Now that it is owned by a company that has reputation to protect they should soon see how messed up SORBS is. Maybe they'll finally allow manual self-delisting like Barracuda.
I believe their delisting is a lot like with Spamhaus. You have to be the abuse contact for IPs and convince them why you deserve to be delisted.
Actually no. The only thing is that you have to be registered on their site. Then you look up the IP address, confirm it is listed and open a support request. If this is a first time listing, they process the request automatically within minutes. If they saw a lot of spam from that IP address you have to tell them that the spam run has been stopped. Usually works. Their support is quite sane and easy to talk with.
i cant imagine what value sorbs has, they are known for being the most aggressive and most obstinate blacklist there is, who also blocks the smallest % of email.
Good catch. I've never tried to register but read their FAQ and was kind put off by what it said. I believe it did say you have to be in full control of the IPs. Is it no longer the case?

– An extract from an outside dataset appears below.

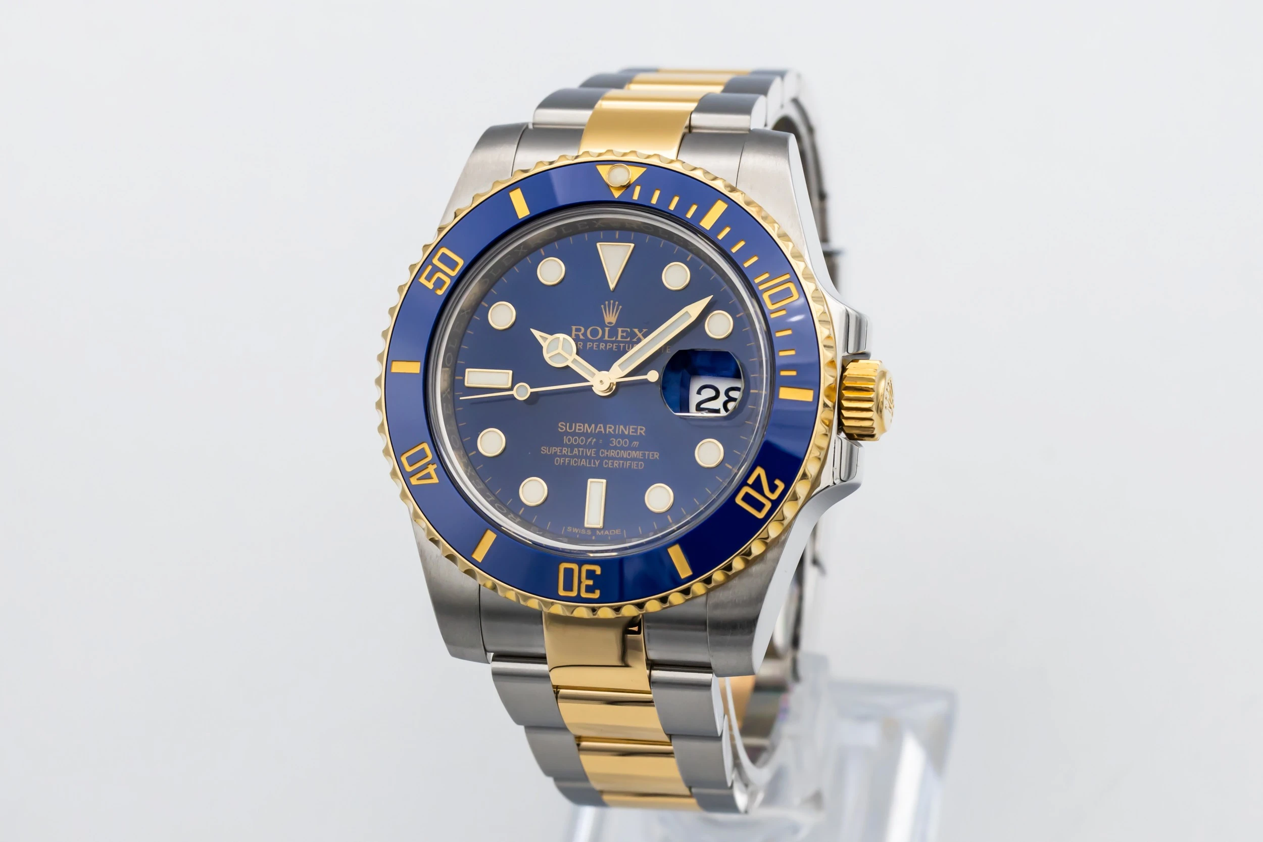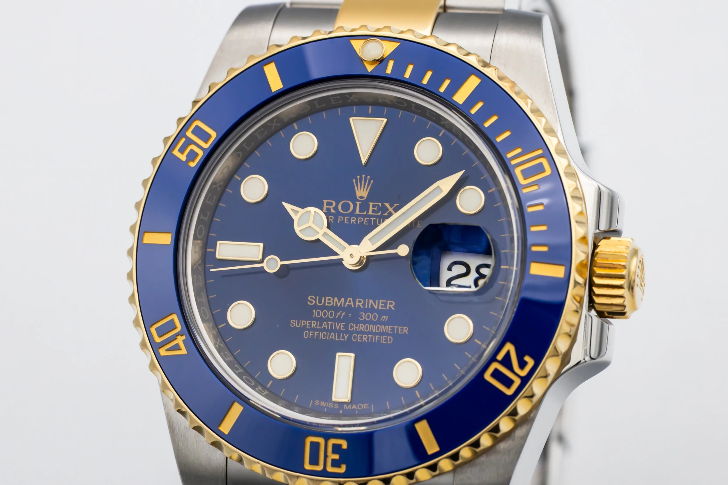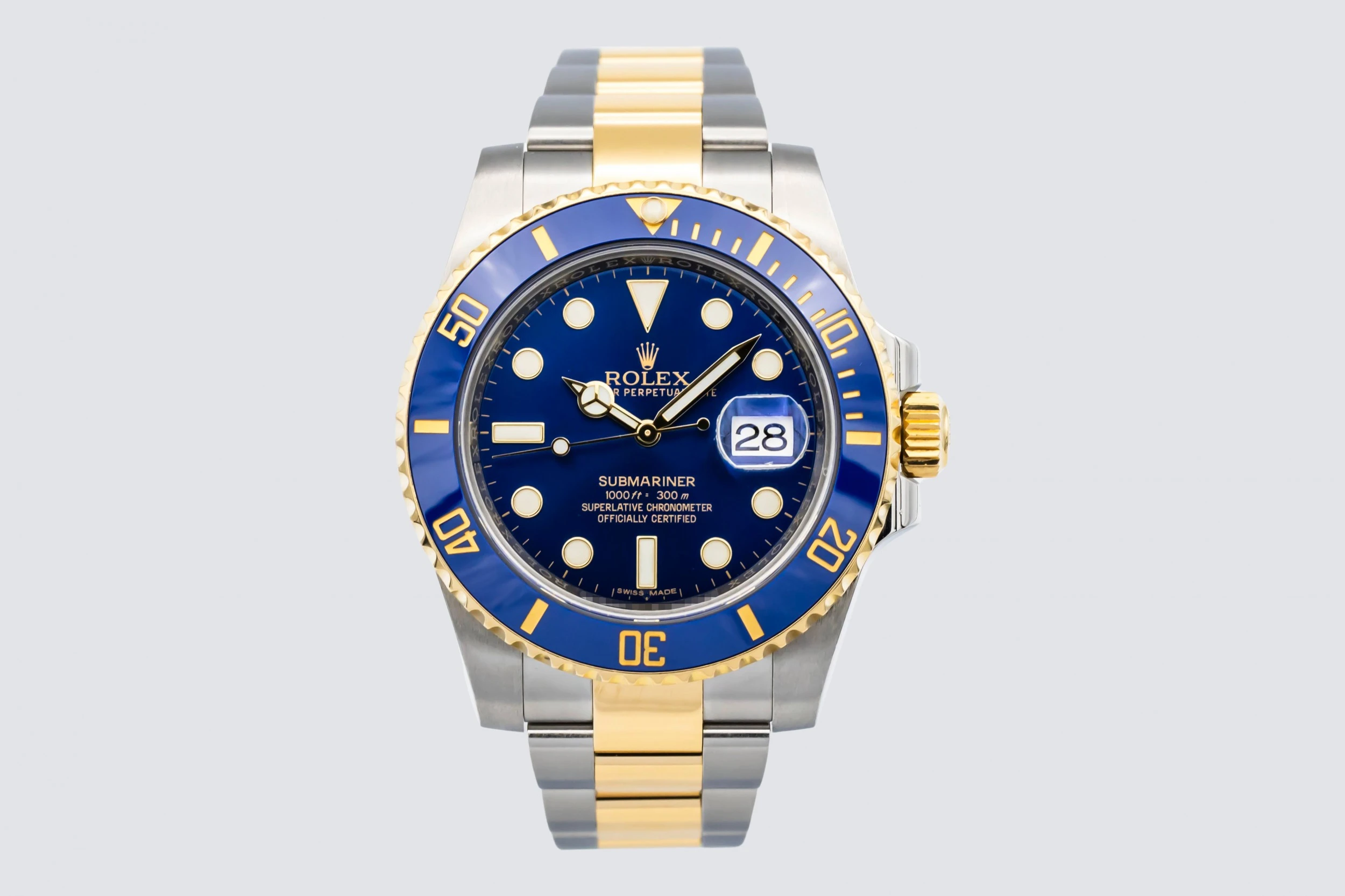 This 2016 Rolex Submariner ‘Bluesy’ features signature blue Cerachrom ceramic bezel insert and matching sunburst blue dial create a striking contrast against the luminous hour markers and Mercedes hands. A date window at 3 o’clock with Rolex’s Cyclops magnifier enhances everyday practicality, while Chromalight luminescence ensures excellent legibility in low light.

They don't check it. Or maybe I was lucky I used my GMail address to register in their site and they did not ask me to confirm the ownership of the IP addresses. If you qualify for automatic delisting, then "Son of Robbie the Robot" (bot) will delist the IP address and you won't have to talk to their support personnel. If automatic delisting is unavailable, you will have to explain the reason (e.g., I bought a new server and its IPs were blacklisted - telling them that I am the new owner of the IP range was enough). They provide evidence for trap hits - something like this (IP was taken from http://multirbl.valli.org/detail/problems.dnsbl.sorbs.net.html): Seen/Created Time Host/Netblock Short Description/Identifier 18:35:10 20 Jul 2011 GMT+10 65.98.250.238 201107********************[email protected] "201107********************[email protected]" is a Message-ID of the email and if you log them somewhere you should be able to find out the spamtrap. "Seen/Created Time" is usually incorrect - I have seen the lags for ~5 days. If you tell them what the spamtrap was and that the list with that trap was killed, they are likely to delist you without any further questions.
I think this discussion should be moved to PH Do you have these traps identified? SORBS keeps popping up even after IW cleaning.